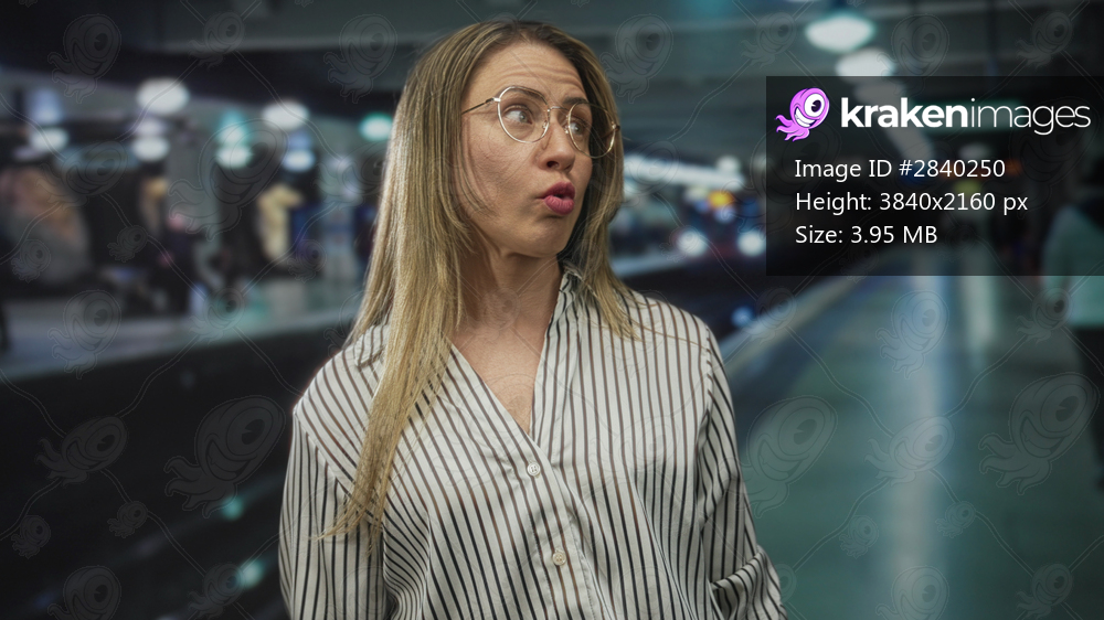 Blonde woman with striped shirt and round glasses purses lips inside train station building; curiosity.
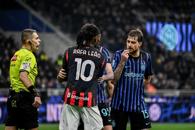 San Siro Stadium, Matchday 12 of the Serie A ENILIVE Championship. Inter vs. Milan. Discussion between Rafael Leao and Francesco Acerbi with the intervention of referee Sozza (Seregno section). Milan, Italy 23 November 2025, Credit:Nicola Marfisi / Avalon
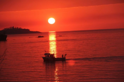 Giresun'da gün batımı dakikalarında, bulutların da farklı bir güzellik kattığı renk cümbüşüne balıkçı tekneleri de eşlik edince görsel bir tablo ortaya çıktı. Sahilden yaklaşık bir buçuk kilometre mesafedeki ada ise gün batımına bir inci gibi eşlik etti.
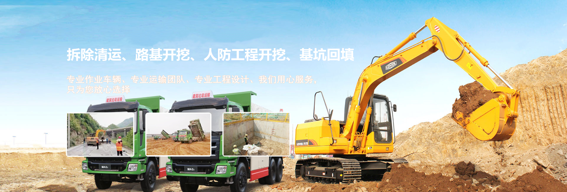 ???????公司擁有專業土石方工程作業施工團隊,承接各種拆除清運、場地平整、基坑(槽)與管溝開挖、路基開挖、人防工程開挖、地坪填土、路基填筑以及基坑回填等工程項目。專業設計施工團隊,工期短,價格優惠,保維護,歡迎您來電咨詢服務。
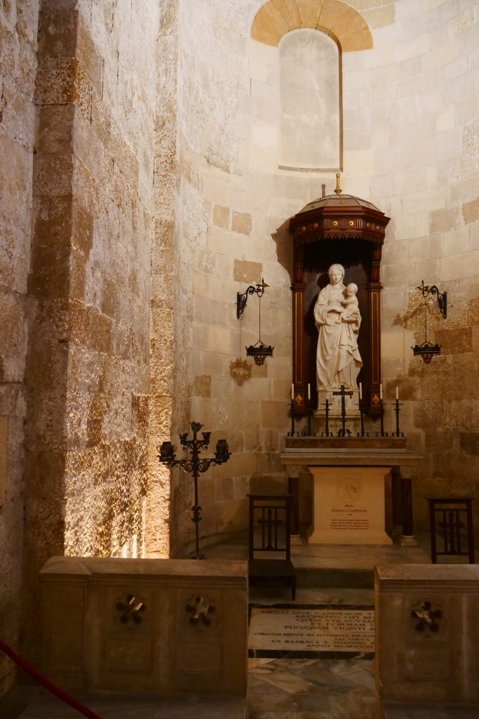 Die Kirche wurde im 7.  Jahrhundert aus einem griechischen Tempel für die Göttin Athene umgebaut, dem größten griechischen Tempel Siziliens. Im Inneren sind noch die originalen Säulen der Tempelwände sichtbar, außen sind die dorischen Kapitelle schon rund abgeschliffen. Der Bau vereint architektonisch griechische Säulen und Romanik . Davor hat man eine Barockfassade montiert, die aber gerade eingerüstet ist.
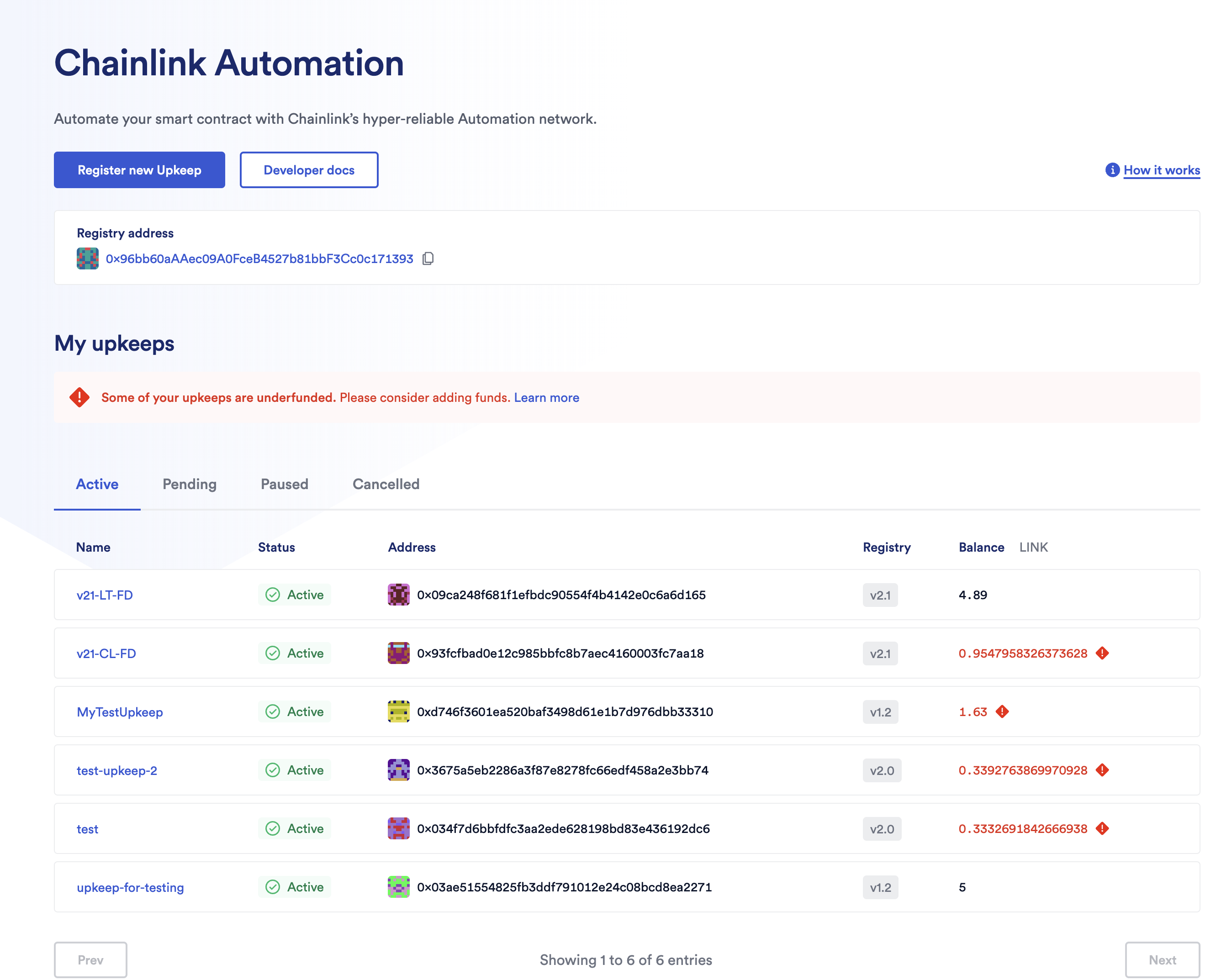 The Chainlink Automation App offers a streamlined migration process for upkeeps using registry versions 1.2 and later. To migrate upkeeps with older versions, follow the manual migration process instead.
-----
- _Prompt_
The result should be an exact retyped version of all the entries above, containing no pictures.

- _Exercise response_
 Blonde woman with striped shirt and round glasses purses lips inside train station building; curiosity.
 San Siro Stadium, Matchday 12 of the Serie A ENILIVE Championship. Inter vs. Milan. Discussion between Rafael Leao and Francesco Acerbi with the intervention of referee Sozza (Seregno section). Milan, Italy 23 November 2025, Credit:Nicola Marfisi / Avalon
 Giresun'da gün batımı dakikalarında, bulutların da farklı bir güzellik kattığı renk cümbüşüne balıkçı tekneleri de eşlik edince görsel bir tablo ortaya çıktı. Sahilden yaklaşık bir buçuk kilometre mesafedeki ada ise gün batımına bir inci gibi eşlik etti.
 ???????公司擁有專業土石方工程作業施工團隊,承接各種拆除清運、場地平整、基坑(槽)與管溝開挖、路基開挖、人防工程開挖、地坪填土、路基填筑以及基坑回填等工程項目。專業設計施工團隊,工期短,價格優惠,保維護,歡迎您來電咨詢服務。
 Die Kirche wurde im 7.  Jahrhundert aus einem griechischen Tempel für die Göttin Athene umgebaut, dem größten griechischen Tempel Siziliens. Im Inneren sind noch die originalen Säulen der Tempelwände sichtbar, außen sind die dorischen Kapitelle schon rund abgeschliffen. Der Bau vereint architektonisch griechische Säulen und Romanik . Davor hat man eine Barockfassade montiert, die aber gerade eingerüstet ist.
 The Chainlink Automation App offers a streamlined migration process for upkeeps using registry versions 1.2 and later. To migrate upkeeps with older versions, follow the manual migration process instead.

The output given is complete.